Но тут же неприятная черта резанула глаз. «На станции мне выдали рукописный билет. Новость: на некоторых вагонах красуется надпись: «Только для европейцев». Туземцы, значит, и здесь должны знать свое место».
Глядя в окно неспешного поезда, отмечая все — и как обрабатывают поля, и как живут крестьяне, — де-Воллан вспоминает разговор с богатым индийским помещиком в Рангуне. Разговор он вспоминает не без иронии — не в пользу индуса: «Взять бы хоть коров, говорит индус, бирманец даже не умеет доить их. Он ест мясо, всякую гадость и не гнушается даже змеями. О кастах нет и помину, и женщины работают в поле голые по самый пояс.

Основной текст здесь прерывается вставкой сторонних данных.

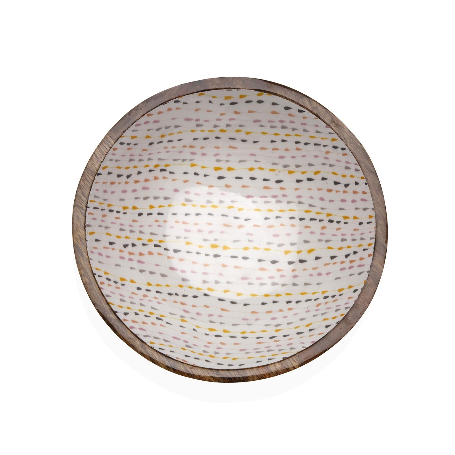 El bol grande esmaltado Nordic Drops combina la calidez de la madera de mango con un acabado interior de porcelana, ofreciendo un diseño moderno y nórdico.

А затем, статочное ли дело, туземец садится обедать с женой из одного блюда, тогда как в Индии жена подождет, пока муж кончит обед, и тогда поест из другого блюда…»
На станции в Пегу де-Воллану повезло. Пока он в растерянности оглядывался, разыскивая кого-нибудь, кто говорил бы по-английски, к нему подошел человек, оказавшийся местным врачом. Он был метисом, англо-бирманцем, и принадлежал таким образом к той неустроенной и страдающей прослойке колониального общества, о которой де-Воллан много рассуждал, будучи и Индии. Метисы не были приняты в английском обществе и довольствовались в нем вторыми ролями. Одновременно их не признавали те, к кому они сами часто относились свысока, — коренные индийцы или бирманцы. Вот и оказывались метисы обособленной, неполноценной группой.